Guru Besar Unair Desak Presiden Prabowo Bertanggung Jawab dan Mundur dari Board of Peace

NOVOSTINA.COM– Guru Besar Ilmu Komunikasi dari Universitas Airlangga, Prof Henri Subiakto, melontarkan kritik keras terhadap sikap politik luar negeri Presiden Prabowo Subianto. Ia meminta kepala negara menjelaskan secara terbuka kepada publik mengenai arah kebijakan Indonesia yang dinilai semakin dekat dengan kepentingan Amerika Serikat dan sekutunya.

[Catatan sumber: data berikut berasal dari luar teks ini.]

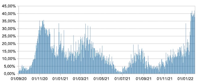 In questo periodo si registrano i valori più alti riscontrabili dal primo settembre 2020 del tasso di positività giornaliero, che oggi è più del doppio di quello del 28/01/2021(era 15,1%).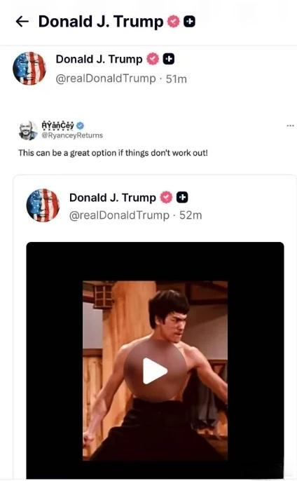 特朗普昨天转发的两个意义不明的帖子都有后续,一个是转发李小龙电影精武门踢馆视频,第二个是转发了一个把奥巴马夫妇的脸贴到猴子身上的视频。 李小龙那个,特朗普转发后,有个人评了一句:如果事情没解决,这是一个好选择。这句话立刻被特朗普二次转发了。 把奥巴马夫妇猴子那个引发了巨大争议,被骂种族歧视,不少共和党的人都在骂他。目前,这一条被删了。但特朗普又发了一条说:绝不会为这件事道歉。

Dalam pernyataannya, Prof Henri menyoroti hubungan Presiden Prabowo dengan mantan Presiden Amerika Serikat, Donald Trump. Menurutnya, figur yang selama ini diklaim sebagai pembawa perdamaian justru terlibat dalam dinamika global yang memperuncing konflik dan ketegangan antarnegara.

“Presiden harus menjelaskan kepada rakyat, mengapa sosok yang disebut-sebut sebagai sahabat dan panutan itu justru terlibat dalam berbagai kebijakan luar negeri yang memicu instabilitas dan merusak kedaulatan bangsa lain,” ujar Prof Henri, Senin (2/3/2026).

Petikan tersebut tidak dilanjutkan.